Ya duyacağım şey hoşuma gitmezse? Ya taş çalışmazsa ve kazıklanmışsam?
55
En nihayetinde yerimden kalktığımda kararımı vermiştim. Deneyecektim. Sonuçta, taş
çalışmazsa yedi lira kazıklanmış olup, hayat boyu yaptığım enayiliklere bir yenisini eklemiş
olacaktım. Yok, çalışırsa, duyduğum gerçekleri sindirmeye çalışacak ve hayatımda belki de ilk
defa güçlü olmayı deneyecektim. Ne de olsa satıcı ne demişti? Alan pişman, almayan pişman…
Kaçmak veya cesaret gösterip gerçeği öğrenmek; her iki yol da aynı yere çıkıyordu.
Bu kararla, hızla hole gidip portmantodaki çantayı açmış, içinden taşı almış ve
beklemeden yatak odasına yönelmiştim. Yatak odasına girdiğimde elimdeki taş adeta
ağırlaşmış ve ısınmıştı. Kalbim göğüs kafesimin içinde çıprpınarak küt küt atsa da, Ezgi'nin
uyuduğunu gösteren ahenkli nefes alış verişlerini duyabiliyordum.
Ses çıkarmamaya çalışarak, yatağın ona ait tarafına yanaştım ve eğilerek, koridordan
sızan ışığın hafifçe aydınlattığı yüzünün güzel hatlarında göz gezdirdim. Uykusunda bile
endişeliydi. Uyanıkken derinleşen kaşlarının arasındaki çizgi, rüya âlemine dalmışken bile
hâlâ belirgindi.
Bir an tereddüte kapılmıştım. Onu çok seviyordum ve kaybetmek istemiyordum. Onsuz
bir hayatı düşünmek istemiyordum…
İstemsizce geri çekildiğimi fark edince, içten içe kendime öfkelenmiş, zayıflığıma
küfretmeye başlamıştım. Korkaktım! Gerçeği bilmeye bile korkuyordum. Hep böyle sinik, ezik
mi kalacaktım?
Ve işte o kızgınlıkla, yaptığımın farkında bile olmadan, taşı çoktan Ezgi’nin kalbinin
üzerine yerleştirmiştim bile. Sorular ağzımdan dökülürken, kendime gelip dilimi tutmaya
çalışsam da iş işten geçmişti.
"Gerçeği söyle bana! Başka biri mi var. Kimi seviyorsun? Kim o erkek?"

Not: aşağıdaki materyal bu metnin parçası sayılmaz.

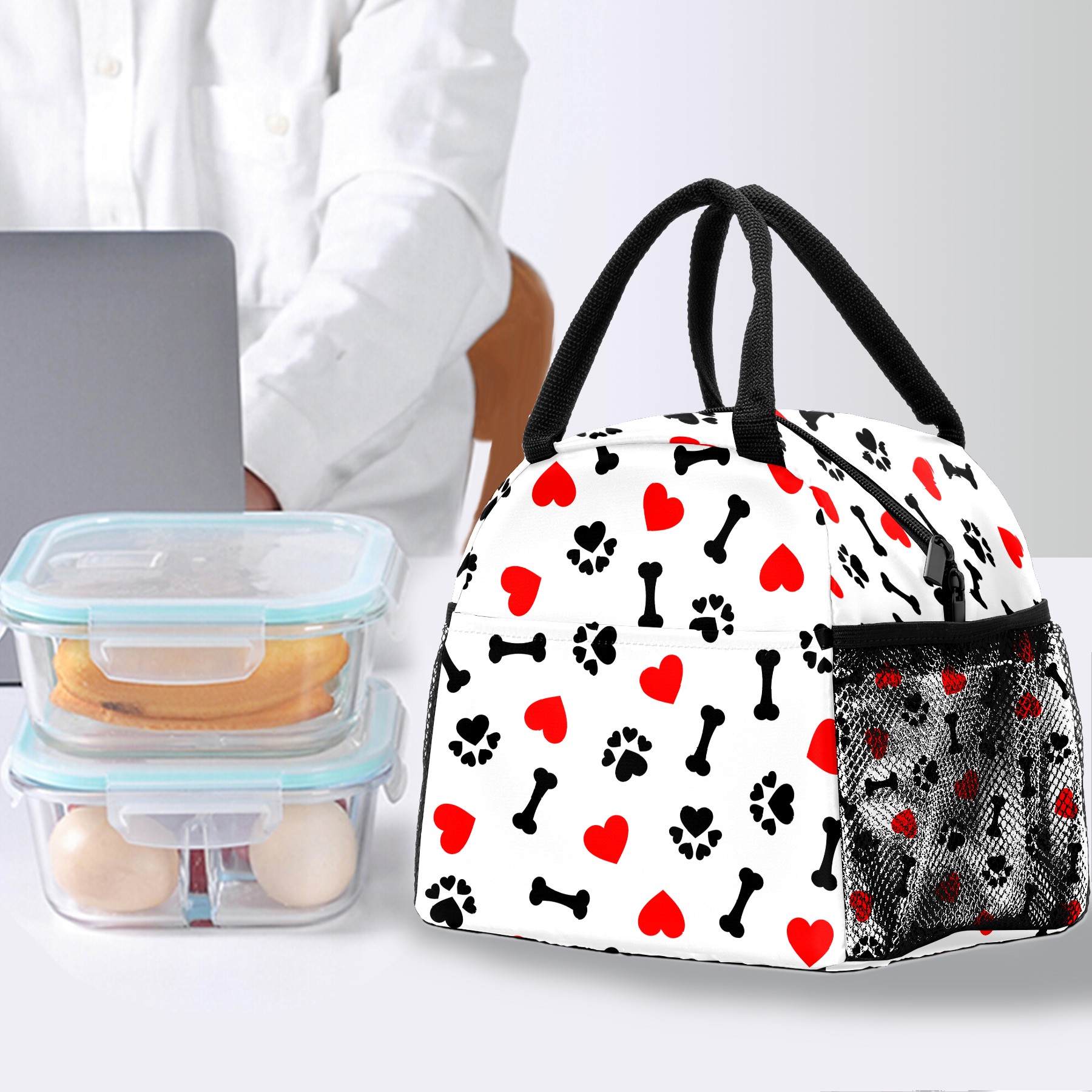 Lunch Bag for Women Men, Funny I Love You Heat Bones Pattern Insulated Reusable Lunch Box Thermal Cooler Tote Bag for Work Picnic Hiking Travel Beach
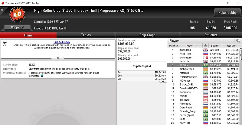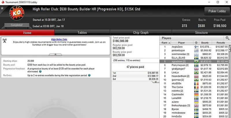 O título do Bounty Builder $44 também veio para o Brasil. "andergoes" foi o melhor entre um field de 2.134 jogadores e recebeu um prêmio total de US$ 10.255 pelo seu desempenho.
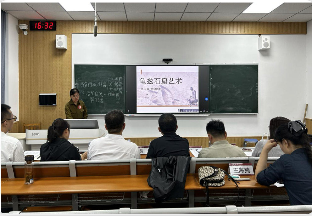 曹娜老师带领大家进行了一场《龟兹石窟艺术》的视觉穿越。她重点讲解了石窟中功能各异的“修行礼拜窟”与“生活居住窟”,并借助PPT展示了大量珍贵的石窟壁画与洞窟实景图片,使遥远而神秘的龟兹艺术变得直观可感,激发起人们的求知欲与文化认同感。

Sorular bittiğinde, sanki o soruları başka biri benim ağzımdan sormuş gibi şaşırarak,
hayretler içinde ellerimle ağzımı kapamış ve ardına kadar açılmış gözlerle Ezgi'nin ağzına
bakakalmıştım. O ağzın açılmasını ve sorularımı cevaplamasını istemiyordum artık… Ama ok
yaydan çıkmıştı.
Ezgi'nin göğsü, kalbinin üstünde duran taşla birlikte, derin bir iç geçirmeyle kalkıp inmiş,
ağzından rahatlamaya benzer kısa bir "ah" çıkmıştı. Hâlâ uykudaydı ve konuşmaya
başladığında sesi ipek gibi yumuşak ve sevgi doluydu.
"Ahhhh! Cem'im... Bir tanem. Seni o kadar çok seviyorum ki, adeta canım acıyor. Ama
beklemem gerek. Sana kavuşmak için beklemem gerek... Çok seviyorum... Seni sarmak,
doyasıya öpüp koklamak istiyorum... Ama beklemeliyim. Emin olana kadar beklemeliyim...
Ona henüz söyleyemem... Çok üzülür... Çok üzülür. "
Gerçek acıtmıştı. Hem de nasıl. Öylesine acıtmıştı ki sanki biri kalbimi yerinden sökmüş
ve tam o noktada cehenneme açılan bir delik açmıştı.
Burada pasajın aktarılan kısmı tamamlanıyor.